I'm really starting to get annoyed with all the spiders I am getting through my site, simply so that they can put referrers in my web logs.

It wouldn't be such a big deal, considering it's very easy for me to pick out which referrers are real and which aren't pretty fast. The issue comes from the fact that they are badly written, so spider my links badly, and send URL requests that send me about 10-15 error message emails a day!

They all use a Internet Explorer User Agent, so I can't stop them all that way, I've tried banning people by IP, but they change that often it't almost not worth it.

I'm half considering puting some sort of CAPTCHA on my site just to kill these bots… but that would stop every other good bot too (i.e. Google).

Any thoughts anyone?

Btw – sorry about the lack of posts, I'm currently in the process of rewriting CT using a new OO framework idea I've been toying around with, but more on that later…

Leave a Comment

Comments

  • Mark | December 17, 2004

    Thanks for that!

    I’m not on Apache, so .htaccess isn’t an option.
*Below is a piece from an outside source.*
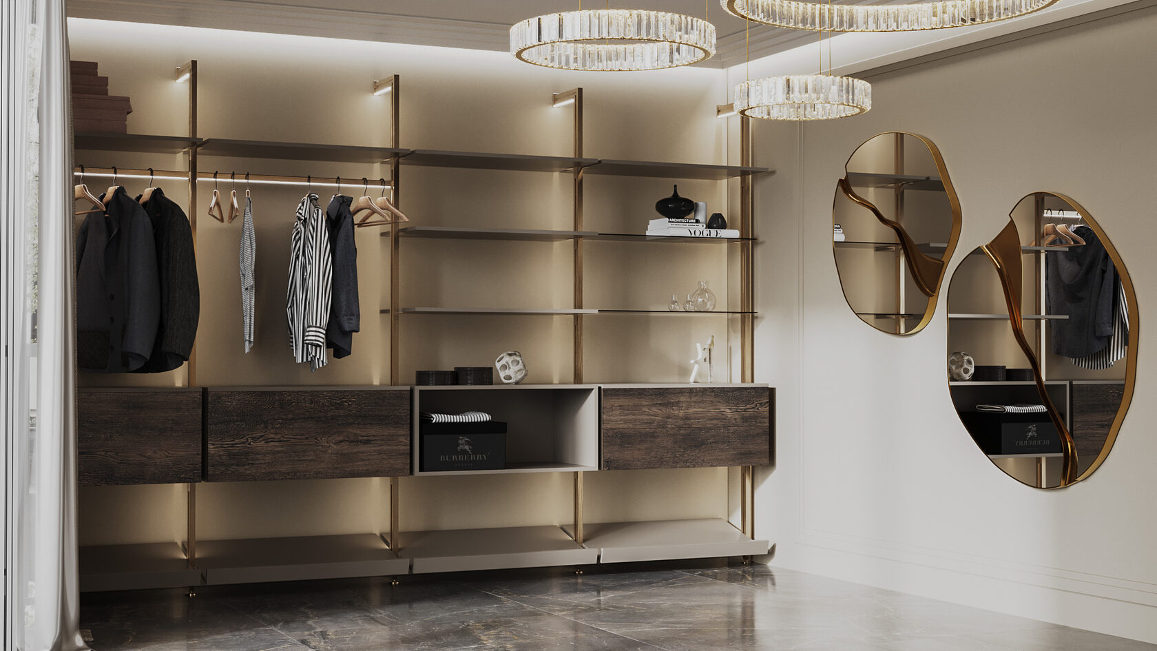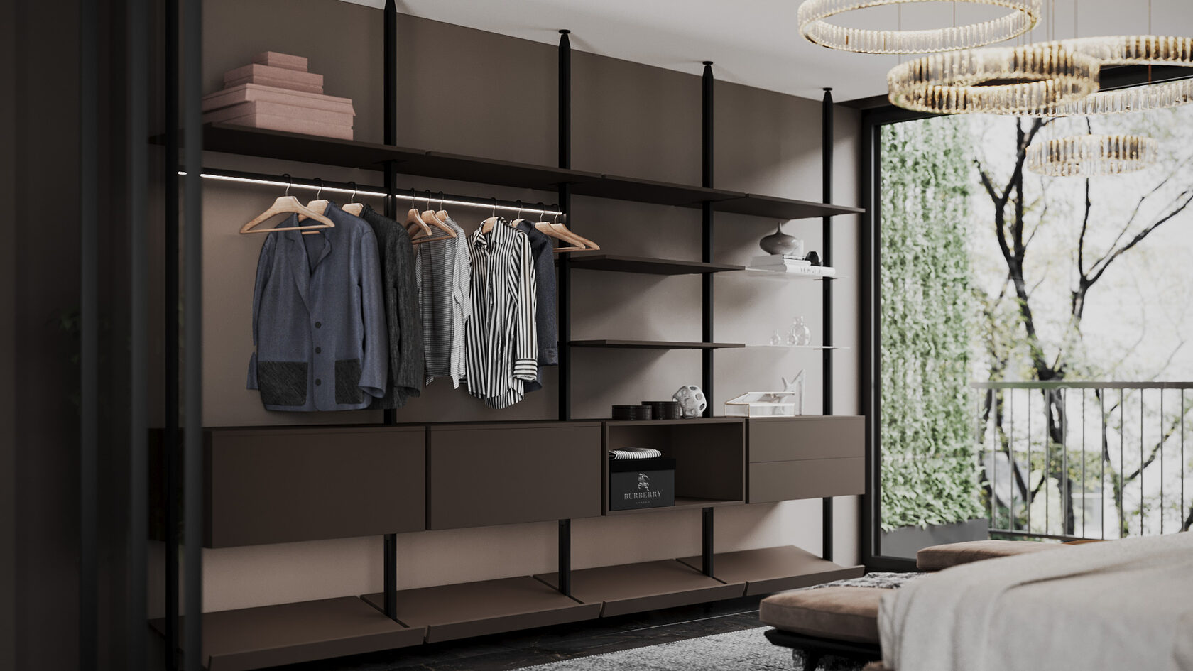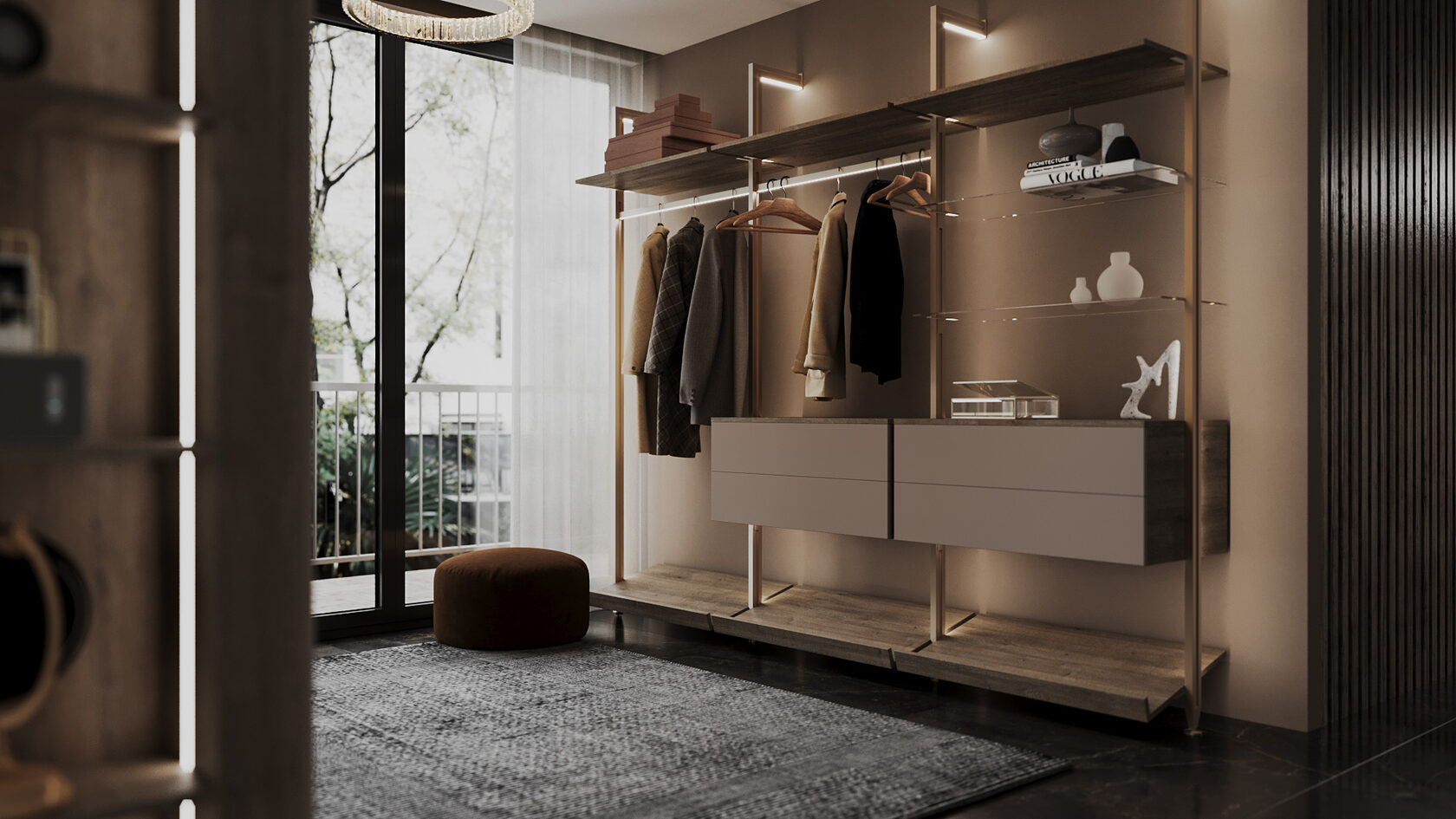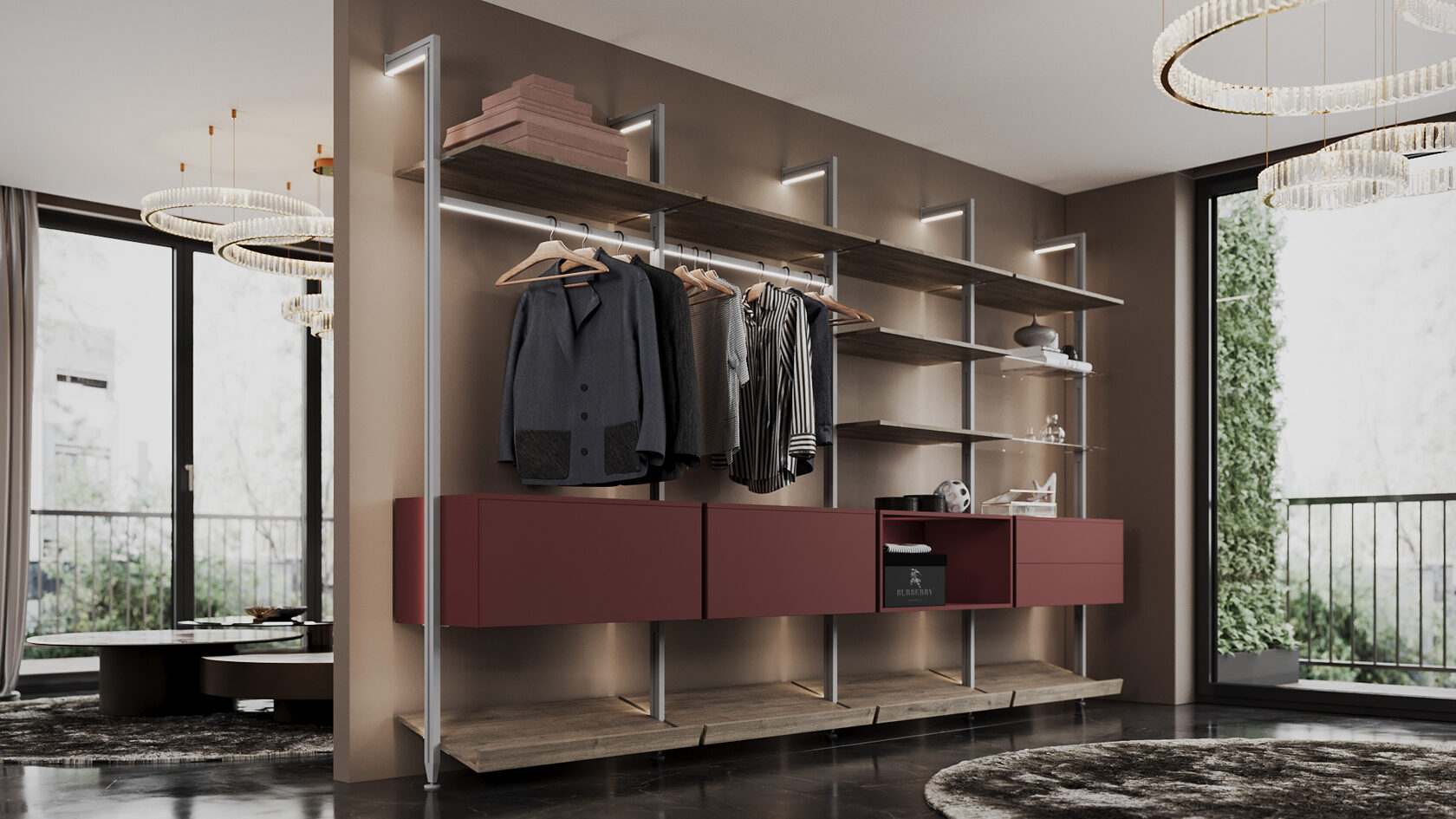 Система заменяет классический шкаф, превращая хранение в часть интерьера. Все на виду — но в строгом порядке: одежда по цветам, обувь на наклонных полках, аксессуары — в выдвижных модулях.

But I’ve written some code that look for a bad referrer and pushes it out to
    http://www.compoundtheory.com/banned.html

    It should do the trick quite nicely I think.

  • Matthew Bourke | January 24, 2005

    what about ya get a list of good bots IP’s and do a simple
    if ip in good bots list ignore
    if not captcha

  • Kevin | March 30, 2006

    Use the CAPTCHA, but allow the good spiders.
    Basically:
    if(capthchaisgood)or(spider in [good spiders])
    allow the crawl
    else
    bye-bye